I am developing some Python programs that I'm running on a remote Ubuntu Linux server (hosted on Slicehost). I would like to work on the source in an IDE on my Windows Vista PC, and have all file modifications sent directly to the Linux box without my intervention (i.e. without having to manually SFTP the files each time I change them). What is the very easiest way I can do this?
WinSCP includes a basic remote file editor, though if you want to use a proper IDE for your development this won't be much help.
I'd suggest you run a version control system like subversion, which would allow you to write a post-commit hook to automatically rsync your code the server with each commit.
Use PuTTy and SFTPDrive.
PuTTy is an SSH client, and SFTPDrive ($39 USD) will allow you to mount your remote file system locally as a drive letter.
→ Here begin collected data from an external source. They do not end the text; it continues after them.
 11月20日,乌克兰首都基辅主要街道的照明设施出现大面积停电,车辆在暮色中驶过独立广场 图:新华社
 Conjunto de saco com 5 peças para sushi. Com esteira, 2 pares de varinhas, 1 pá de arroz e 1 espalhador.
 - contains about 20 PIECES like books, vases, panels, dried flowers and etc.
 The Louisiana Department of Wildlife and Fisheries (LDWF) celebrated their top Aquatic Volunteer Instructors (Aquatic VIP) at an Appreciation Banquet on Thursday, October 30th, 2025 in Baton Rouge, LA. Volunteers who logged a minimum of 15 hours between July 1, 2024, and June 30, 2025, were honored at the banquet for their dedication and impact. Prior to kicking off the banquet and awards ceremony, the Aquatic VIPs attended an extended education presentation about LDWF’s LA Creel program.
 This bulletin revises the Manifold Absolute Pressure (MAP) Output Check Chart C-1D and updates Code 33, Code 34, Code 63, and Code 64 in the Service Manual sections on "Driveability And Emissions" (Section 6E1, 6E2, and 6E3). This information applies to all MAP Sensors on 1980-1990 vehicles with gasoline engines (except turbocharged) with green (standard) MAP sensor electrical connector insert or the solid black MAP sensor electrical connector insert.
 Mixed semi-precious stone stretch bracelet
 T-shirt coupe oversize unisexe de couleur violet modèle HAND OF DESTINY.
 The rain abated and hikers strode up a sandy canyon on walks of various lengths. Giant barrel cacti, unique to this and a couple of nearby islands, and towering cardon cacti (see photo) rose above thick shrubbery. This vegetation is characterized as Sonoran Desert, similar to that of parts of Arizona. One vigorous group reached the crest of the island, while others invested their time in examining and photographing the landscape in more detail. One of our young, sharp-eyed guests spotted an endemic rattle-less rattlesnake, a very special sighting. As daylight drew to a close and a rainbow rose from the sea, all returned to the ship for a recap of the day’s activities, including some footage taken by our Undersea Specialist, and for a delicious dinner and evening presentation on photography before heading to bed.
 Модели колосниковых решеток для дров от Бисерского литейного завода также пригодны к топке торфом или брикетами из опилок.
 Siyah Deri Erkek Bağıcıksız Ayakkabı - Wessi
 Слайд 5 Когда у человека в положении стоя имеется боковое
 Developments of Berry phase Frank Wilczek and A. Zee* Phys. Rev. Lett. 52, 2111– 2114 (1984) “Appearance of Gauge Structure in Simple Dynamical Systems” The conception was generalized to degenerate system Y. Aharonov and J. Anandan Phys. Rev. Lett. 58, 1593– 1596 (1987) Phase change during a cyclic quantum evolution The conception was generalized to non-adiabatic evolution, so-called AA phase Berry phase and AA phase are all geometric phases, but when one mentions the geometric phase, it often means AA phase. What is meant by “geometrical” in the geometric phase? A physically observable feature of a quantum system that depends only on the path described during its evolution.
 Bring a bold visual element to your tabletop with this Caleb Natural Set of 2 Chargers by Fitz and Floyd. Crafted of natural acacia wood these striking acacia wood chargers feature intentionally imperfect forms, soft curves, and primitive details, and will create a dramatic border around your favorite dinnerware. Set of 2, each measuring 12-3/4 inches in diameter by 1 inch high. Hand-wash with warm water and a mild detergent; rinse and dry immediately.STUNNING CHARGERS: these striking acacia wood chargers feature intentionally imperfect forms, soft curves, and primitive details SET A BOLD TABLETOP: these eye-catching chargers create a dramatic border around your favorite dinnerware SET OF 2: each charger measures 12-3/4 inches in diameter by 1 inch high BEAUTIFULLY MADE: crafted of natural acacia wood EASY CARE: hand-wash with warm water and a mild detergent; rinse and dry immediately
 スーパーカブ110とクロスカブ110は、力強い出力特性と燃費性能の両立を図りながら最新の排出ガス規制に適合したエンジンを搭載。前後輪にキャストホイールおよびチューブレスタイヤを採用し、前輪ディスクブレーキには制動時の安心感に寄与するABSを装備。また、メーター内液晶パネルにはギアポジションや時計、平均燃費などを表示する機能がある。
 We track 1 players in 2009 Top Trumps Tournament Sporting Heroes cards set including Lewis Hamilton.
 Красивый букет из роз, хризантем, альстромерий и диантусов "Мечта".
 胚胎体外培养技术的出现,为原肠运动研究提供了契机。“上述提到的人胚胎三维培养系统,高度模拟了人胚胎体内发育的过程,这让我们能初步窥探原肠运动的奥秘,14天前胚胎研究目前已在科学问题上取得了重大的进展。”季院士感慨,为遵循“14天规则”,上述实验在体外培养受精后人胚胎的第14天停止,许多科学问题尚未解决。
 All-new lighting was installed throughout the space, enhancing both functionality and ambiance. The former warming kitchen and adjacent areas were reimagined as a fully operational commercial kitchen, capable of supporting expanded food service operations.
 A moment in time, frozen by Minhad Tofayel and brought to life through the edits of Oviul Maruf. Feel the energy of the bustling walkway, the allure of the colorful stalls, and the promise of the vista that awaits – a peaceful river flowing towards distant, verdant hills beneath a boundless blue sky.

Install Samba and OpenVPN on the server, and OpenVPN on the client. Setup Samba to share the directory tree you're interested in, and access it over the VPN for security. Perhaps Vista has non-sucky WebDAV support by now, and you could use WebDAV over HTTPS, but it was always crap under XP.
Ben's suggestion of a local dev environment using a VM is also a winner.
You could install cygwin and then have rsync run on cron every minute.
Or you could use Netdrive to access the server via FTP like a local disk:
http://tech.xptechsupport.com/netdrive-turn-your-ftp-into-a-drive-letter.html
Or you may be able to achieve something similar using cygwin and FUSE - you can on linux, but never tried it on cygwin.
Also, would it not be easier to set up a full dev environment locally? Maybe using a virtual machine? It'll be much quicker for testing. And then you can set up a shell script to transfer the current version to the slicehost server.